▶ [Material supplied]:
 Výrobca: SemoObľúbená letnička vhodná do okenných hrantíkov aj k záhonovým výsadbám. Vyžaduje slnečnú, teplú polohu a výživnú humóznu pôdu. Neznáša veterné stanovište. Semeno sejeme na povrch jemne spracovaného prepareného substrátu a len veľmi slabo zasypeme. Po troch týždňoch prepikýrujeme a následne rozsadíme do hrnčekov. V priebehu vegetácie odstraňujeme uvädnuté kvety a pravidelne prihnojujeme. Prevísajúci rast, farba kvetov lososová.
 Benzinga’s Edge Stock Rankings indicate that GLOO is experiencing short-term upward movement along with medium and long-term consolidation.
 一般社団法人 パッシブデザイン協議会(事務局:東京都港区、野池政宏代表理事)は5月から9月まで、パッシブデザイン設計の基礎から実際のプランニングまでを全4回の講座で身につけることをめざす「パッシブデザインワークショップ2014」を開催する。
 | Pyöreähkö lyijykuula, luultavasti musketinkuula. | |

---

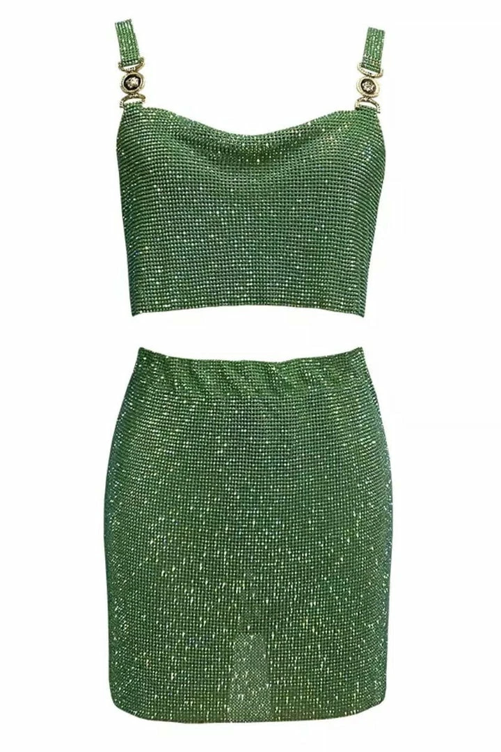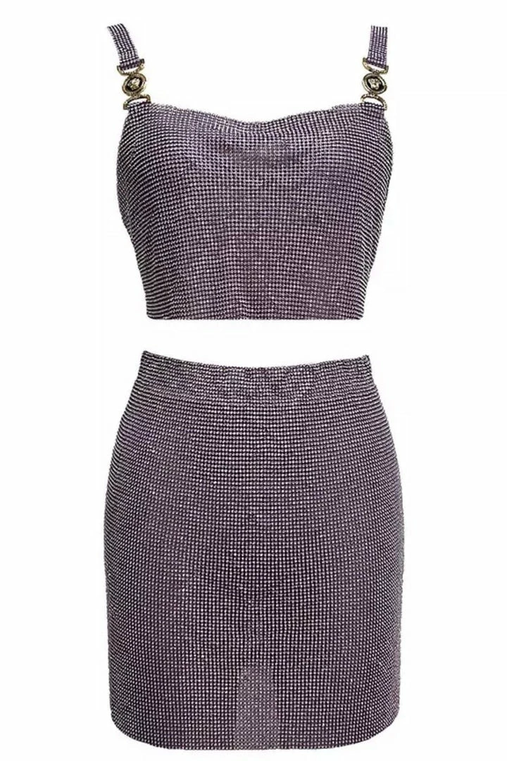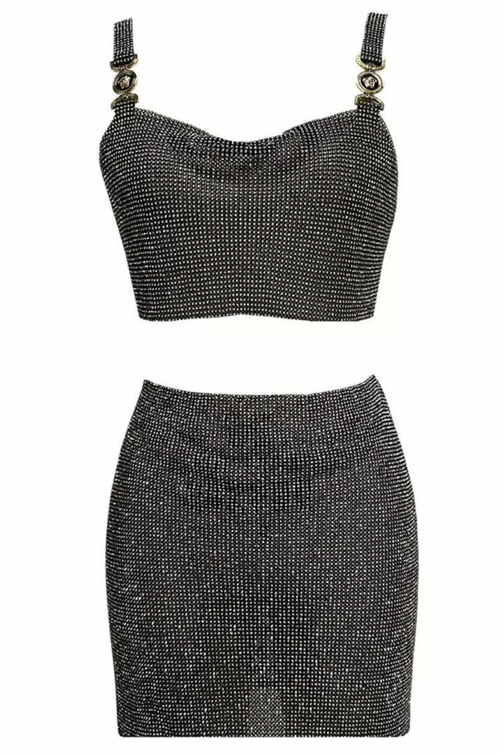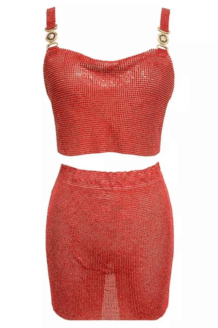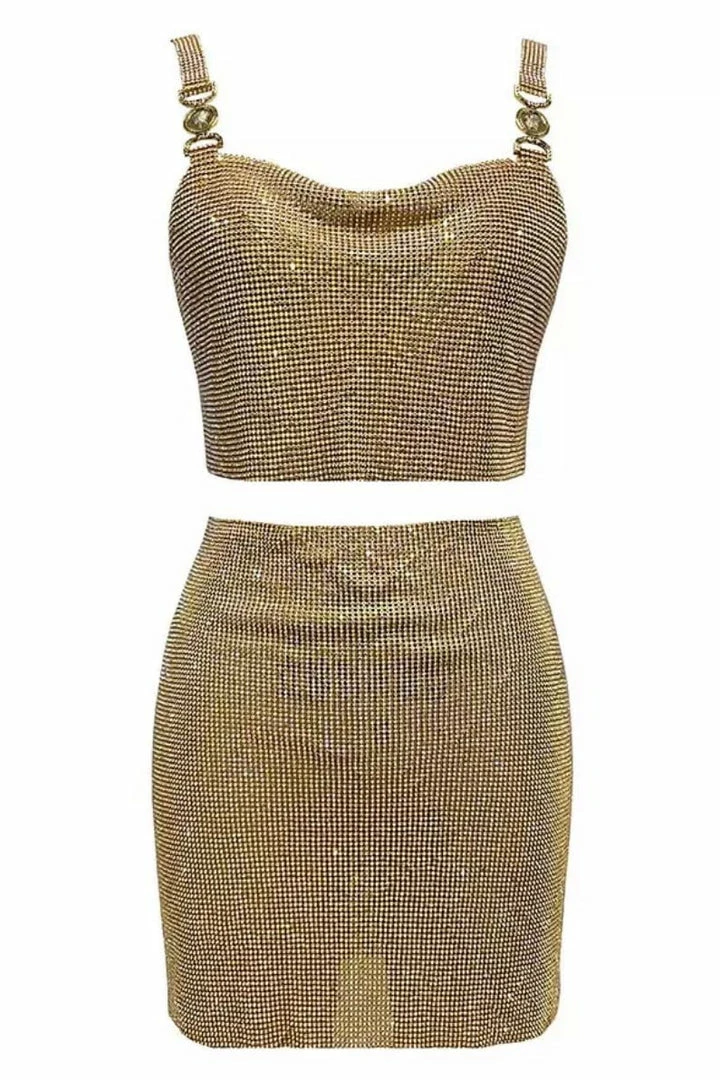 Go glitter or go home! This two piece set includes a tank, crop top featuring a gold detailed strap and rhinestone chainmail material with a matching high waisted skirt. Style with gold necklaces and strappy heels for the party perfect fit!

▶ [Problem to solve]: Transcribe the records above from the line holding "Benzinga’s Edge Stock" down to the line holding "musketinkuula. | |", inclusive, without adding anything.

▶ [Solved problem]:
 Benzinga’s Edge Stock Rankings indicate that GLOO is experiencing short-term upward movement along with medium and long-term consolidation.
 一般社団法人 パッシブデザイン協議会(事務局:東京都港区、野池政宏代表理事)は5月から9月まで、パッシブデザイン設計の基礎から実際のプランニングまでを全4回の講座で身につけることをめざす「パッシブデザインワークショップ2014」を開催する。
 | Pyöreähkö lyijykuula, luultavasti musketinkuula. | |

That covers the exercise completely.